### Work to be completed:
Reproduce the listing below as it stands. Leave out each image.

### Provided material:

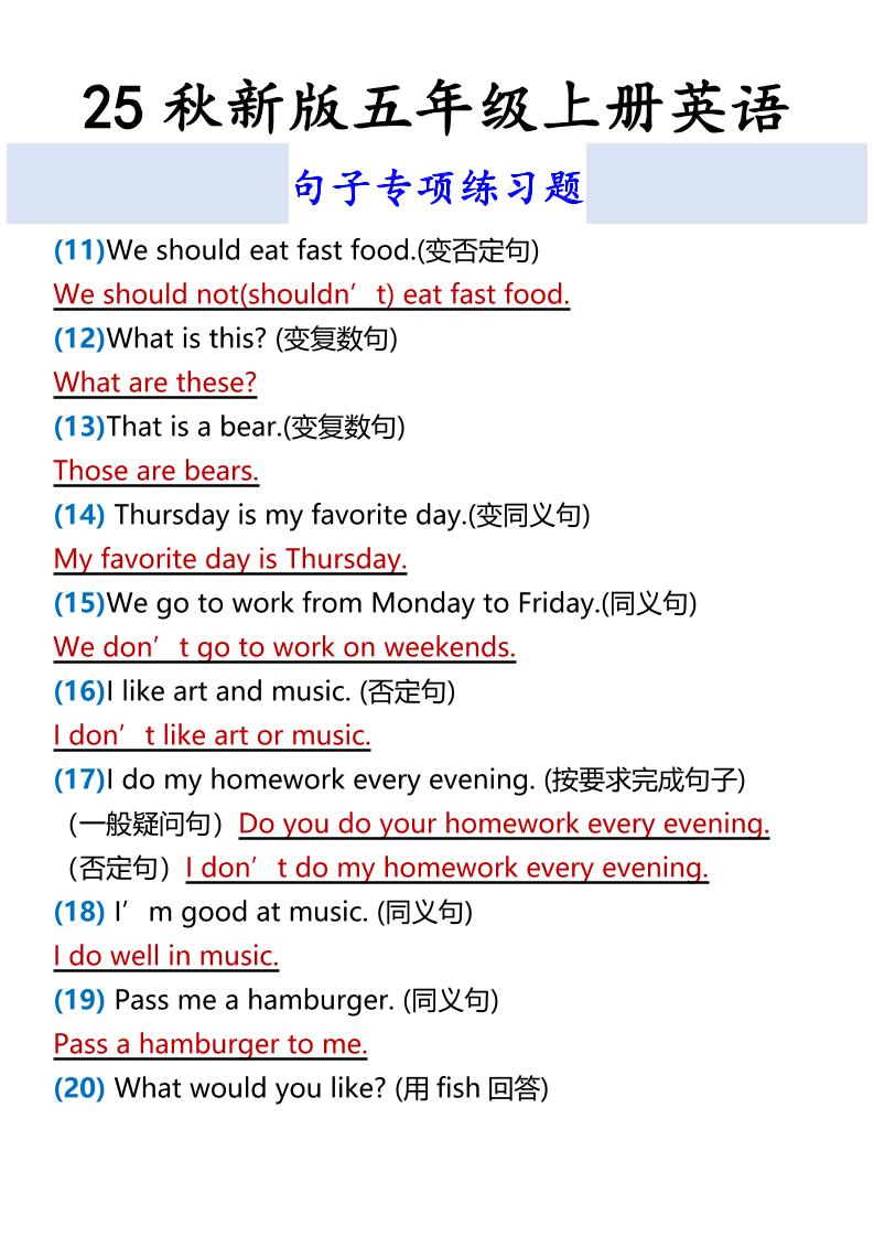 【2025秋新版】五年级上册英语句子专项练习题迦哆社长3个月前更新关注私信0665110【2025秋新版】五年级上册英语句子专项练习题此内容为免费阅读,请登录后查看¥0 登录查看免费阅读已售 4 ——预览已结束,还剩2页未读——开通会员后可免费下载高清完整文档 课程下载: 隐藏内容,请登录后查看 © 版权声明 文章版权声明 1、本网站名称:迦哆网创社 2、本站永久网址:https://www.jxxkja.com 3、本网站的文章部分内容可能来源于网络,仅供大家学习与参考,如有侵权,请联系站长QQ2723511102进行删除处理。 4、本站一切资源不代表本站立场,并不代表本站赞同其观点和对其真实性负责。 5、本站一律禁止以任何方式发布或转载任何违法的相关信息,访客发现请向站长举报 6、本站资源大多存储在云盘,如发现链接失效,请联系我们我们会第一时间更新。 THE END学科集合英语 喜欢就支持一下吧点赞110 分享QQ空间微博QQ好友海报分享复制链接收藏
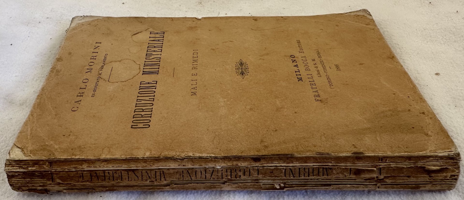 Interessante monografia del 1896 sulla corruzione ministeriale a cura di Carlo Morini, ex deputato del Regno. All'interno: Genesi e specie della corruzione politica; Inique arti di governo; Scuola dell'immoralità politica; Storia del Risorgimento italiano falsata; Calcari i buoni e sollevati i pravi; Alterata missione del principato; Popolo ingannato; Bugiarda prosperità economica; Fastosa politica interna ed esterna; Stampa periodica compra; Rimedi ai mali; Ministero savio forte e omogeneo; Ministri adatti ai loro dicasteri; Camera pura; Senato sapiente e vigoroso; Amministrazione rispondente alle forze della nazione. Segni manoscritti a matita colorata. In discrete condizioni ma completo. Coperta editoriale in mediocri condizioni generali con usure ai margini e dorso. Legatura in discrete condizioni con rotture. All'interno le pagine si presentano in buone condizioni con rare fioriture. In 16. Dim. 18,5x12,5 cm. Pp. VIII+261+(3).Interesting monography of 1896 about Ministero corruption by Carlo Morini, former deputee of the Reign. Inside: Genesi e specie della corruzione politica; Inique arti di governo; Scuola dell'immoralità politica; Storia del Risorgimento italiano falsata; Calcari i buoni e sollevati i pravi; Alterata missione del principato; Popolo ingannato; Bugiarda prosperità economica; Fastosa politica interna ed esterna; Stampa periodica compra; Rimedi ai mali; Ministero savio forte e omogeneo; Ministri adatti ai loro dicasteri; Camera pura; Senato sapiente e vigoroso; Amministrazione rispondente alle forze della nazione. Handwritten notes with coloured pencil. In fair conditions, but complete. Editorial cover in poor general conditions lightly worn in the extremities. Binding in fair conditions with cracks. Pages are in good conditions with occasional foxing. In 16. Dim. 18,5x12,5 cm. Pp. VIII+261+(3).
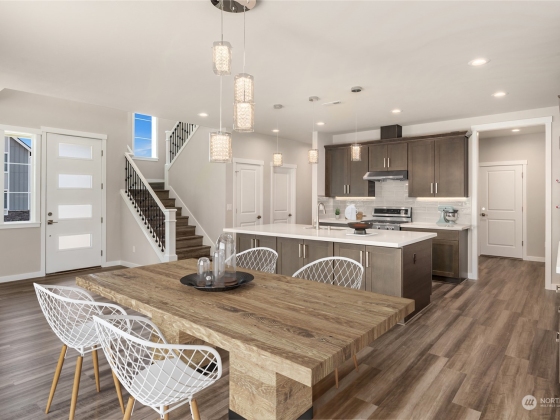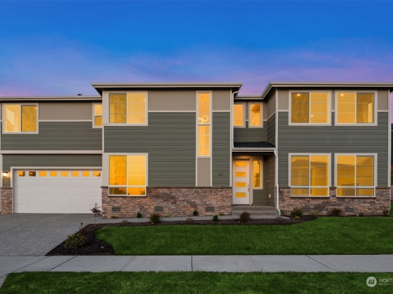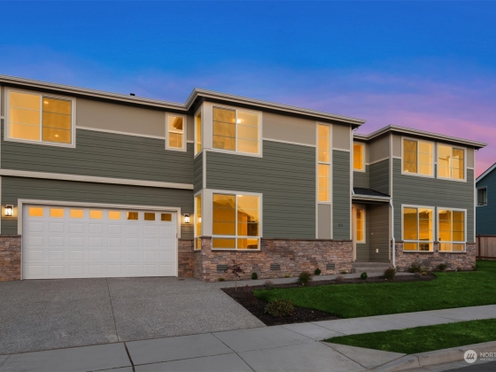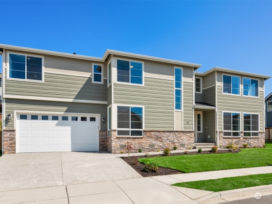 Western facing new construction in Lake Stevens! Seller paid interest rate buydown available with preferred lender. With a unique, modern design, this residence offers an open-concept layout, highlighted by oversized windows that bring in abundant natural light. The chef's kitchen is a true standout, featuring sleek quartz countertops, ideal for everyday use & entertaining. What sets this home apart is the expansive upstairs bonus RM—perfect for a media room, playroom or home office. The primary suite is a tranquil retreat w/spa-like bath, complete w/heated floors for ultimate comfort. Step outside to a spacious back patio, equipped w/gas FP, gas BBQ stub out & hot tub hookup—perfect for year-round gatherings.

### Solved exercise:
 【2025秋新版】五年级上册英语句子专项练习题迦哆社长3个月前更新关注私信0665110【2025秋新版】五年级上册英语句子专项练习题此内容为免费阅读,请登录后查看¥0 登录查看免费阅读已售 4 ——预览已结束,还剩2页未读——开通会员后可免费下载高清完整文档 课程下载: 隐藏内容,请登录后查看 © 版权声明 文章版权声明 1、本网站名称:迦哆网创社 2、本站永久网址:https://www.jxxkja.com 3、本网站的文章部分内容可能来源于网络,仅供大家学习与参考,如有侵权,请联系站长QQ2723511102进行删除处理。 4、本站一切资源不代表本站立场,并不代表本站赞同其观点和对其真实性负责。 5、本站一律禁止以任何方式发布或转载任何违法的相关信息,访客发现请向站长举报 6、本站资源大多存储在云盘,如发现链接失效,请联系我们我们会第一时间更新。 THE END学科集合英语 喜欢就支持一下吧点赞110 分享QQ空间微博QQ好友海报分享复制链接收藏
 Interessante monografia del 1896 sulla corruzione ministeriale a cura di Carlo Morini, ex deputato del Regno. All'interno: Genesi e specie della corruzione politica; Inique arti di governo; Scuola dell'immoralità politica; Storia del Risorgimento italiano falsata; Calcari i buoni e sollevati i pravi; Alterata missione del principato; Popolo ingannato; Bugiarda prosperità economica; Fastosa politica interna ed esterna; Stampa periodica compra; Rimedi ai mali; Ministero savio forte e omogeneo; Ministri adatti ai loro dicasteri; Camera pura; Senato sapiente e vigoroso; Amministrazione rispondente alle forze della nazione. Segni manoscritti a matita colorata. In discrete condizioni ma completo. Coperta editoriale in mediocri condizioni generali con usure ai margini e dorso. Legatura in discrete condizioni con rotture. All'interno le pagine si presentano in buone condizioni con rare fioriture. In 16. Dim. 18,5x12,5 cm. Pp. VIII+261+(3).Interesting monography of 1896 about Ministero corruption by Carlo Morini, former deputee of the Reign. Inside: Genesi e specie della corruzione politica; Inique arti di governo; Scuola dell'immoralità politica; Storia del Risorgimento italiano falsata; Calcari i buoni e sollevati i pravi; Alterata missione del principato; Popolo ingannato; Bugiarda prosperità economica; Fastosa politica interna ed esterna; Stampa periodica compra; Rimedi ai mali; Ministero savio forte e omogeneo; Ministri adatti ai loro dicasteri; Camera pura; Senato sapiente e vigoroso; Amministrazione rispondente alle forze della nazione. Handwritten notes with coloured pencil. In fair conditions, but complete. Editorial cover in poor general conditions lightly worn in the extremities. Binding in fair conditions with cracks. Pages are in good conditions with occasional foxing. In 16. Dim. 18,5x12,5 cm. Pp. VIII+261+(3).
 Western facing new construction in Lake Stevens! Seller paid interest rate buydown available with preferred lender. With a unique, modern design, this residence offers an open-concept layout, highlighted by oversized windows that bring in abundant natural light. The chef's kitchen is a true standout, featuring sleek quartz countertops, ideal for everyday use & entertaining. What sets this home apart is the expansive upstairs bonus RM—perfect for a media room, playroom or home office. The primary suite is a tranquil retreat w/spa-like bath, complete w/heated floors for ultimate comfort. Step outside to a spacious back patio, equipped w/gas FP, gas BBQ stub out & hot tub hookup—perfect for year-round gatherings.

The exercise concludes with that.